§ **Try it**: Return the listing below unchanged, except that the pictures are dropped.

§ **Dataset excerpt**:
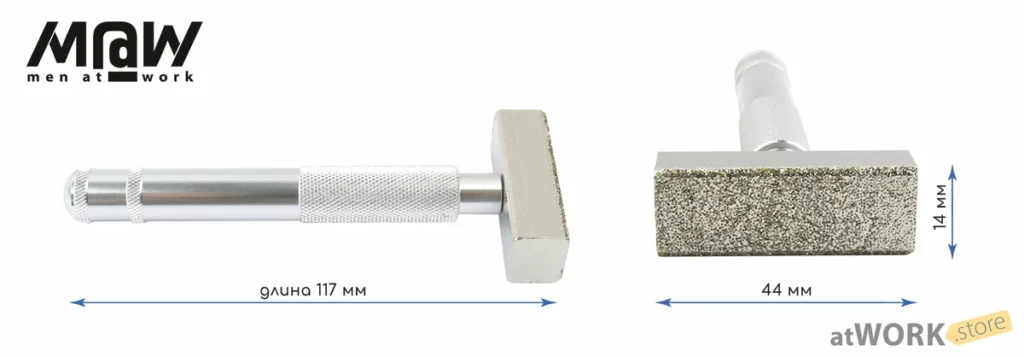 Правило алмазное с зерном 120, для выравнивания шлифовальных кругов, TM MEN AT WORK. Применяется, в основном, для очищения и чистовой доводке/правке жестких абразивных кругов. Это алмазное правило (ударение на букву «и»). Состоит из мощной головка размером 14 х 44 мм с алмазным покрытием и ручки с накаткой для надежного захвата. Общая длина инструмента 117 мм.
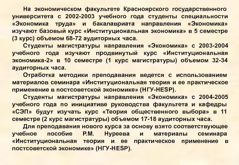 специальности «Экономика труда» и бакалавриата направления «Экономика» изучают базовый курс «Институциональная экономика» в 5 семестре (3 курс) объемом 68-72 аудиторных часа.
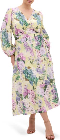 Blossoming hydrangeas stand out on this long-sleeve wrap dress made of lightweight fabric with softly crinkled texturing.

§ **Exercise response**:
 Правило алмазное с зерном 120, для выравнивания шлифовальных кругов, TM MEN AT WORK. Применяется, в основном, для очищения и чистовой доводке/правке жестких абразивных кругов. Это алмазное правило (ударение на букву «и»). Состоит из мощной головка размером 14 х 44 мм с алмазным покрытием и ручки с накаткой для надежного захвата. Общая длина инструмента 117 мм.
 специальности «Экономика труда» и бакалавриата направления «Экономика» изучают базовый курс «Институциональная экономика» в 5 семестре (3 курс) объемом 68-72 аудиторных часа.
 Blossoming hydrangeas stand out on this long-sleeve wrap dress made of lightweight fabric with softly crinkled texturing.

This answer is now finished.